§ Task statement: Images should not appear in the copy, yet every line of the listing below must be printed exactly.

Data shown section start

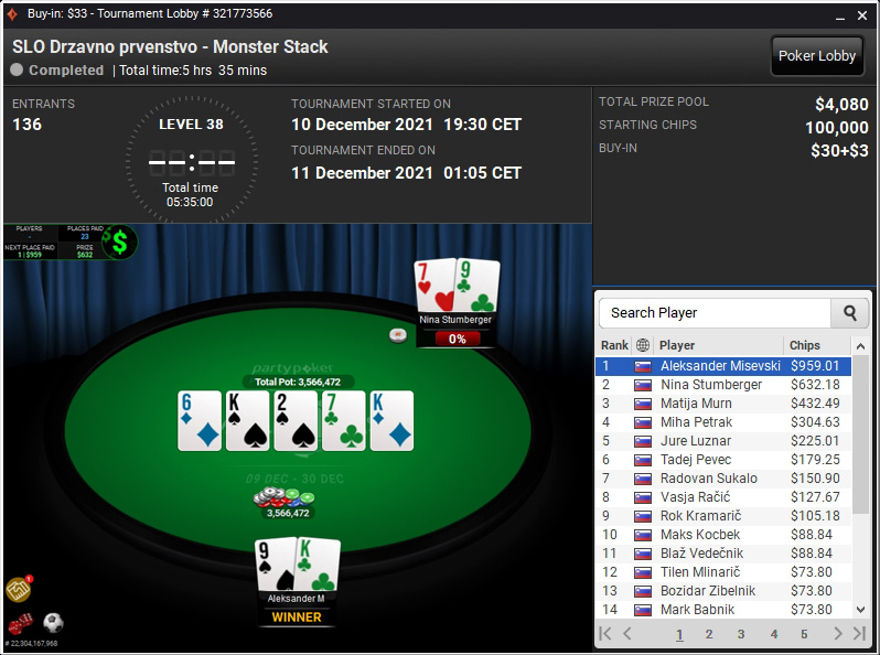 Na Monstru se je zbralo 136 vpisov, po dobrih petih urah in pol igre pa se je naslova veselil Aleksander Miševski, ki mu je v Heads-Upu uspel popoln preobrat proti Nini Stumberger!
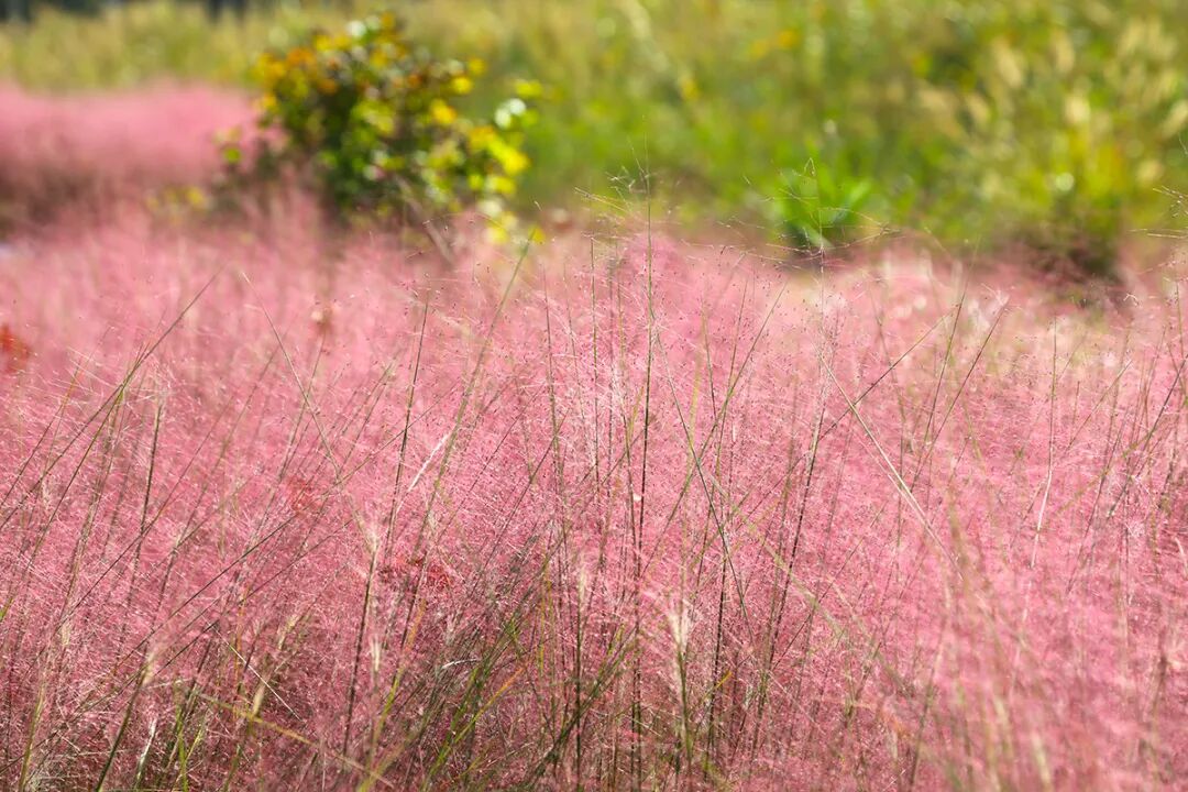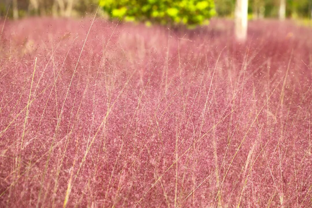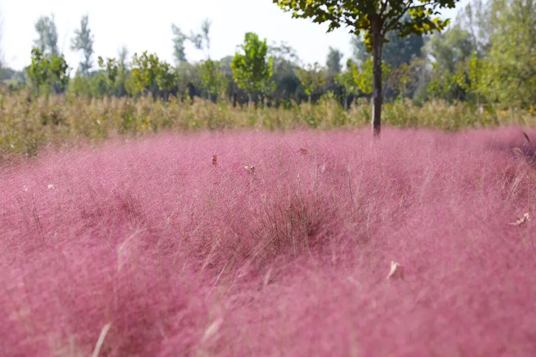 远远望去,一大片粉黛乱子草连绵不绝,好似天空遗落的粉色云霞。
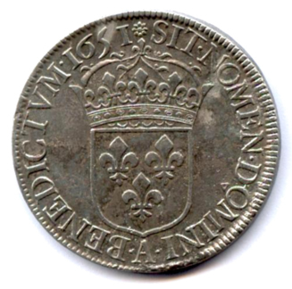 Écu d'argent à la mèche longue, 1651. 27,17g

Data shown section end

§ Answer space:
 Na Monstru se je zbralo 136 vpisov, po dobrih petih urah in pol igre pa se je naslova veselil Aleksander Miševski, ki mu je v Heads-Upu uspel popoln preobrat proti Nini Stumberger!
 远远望去,一大片粉黛乱子草连绵不绝,好似天空遗落的粉色云霞。
 Écu d'argent à la mèche longue, 1651. 27,17g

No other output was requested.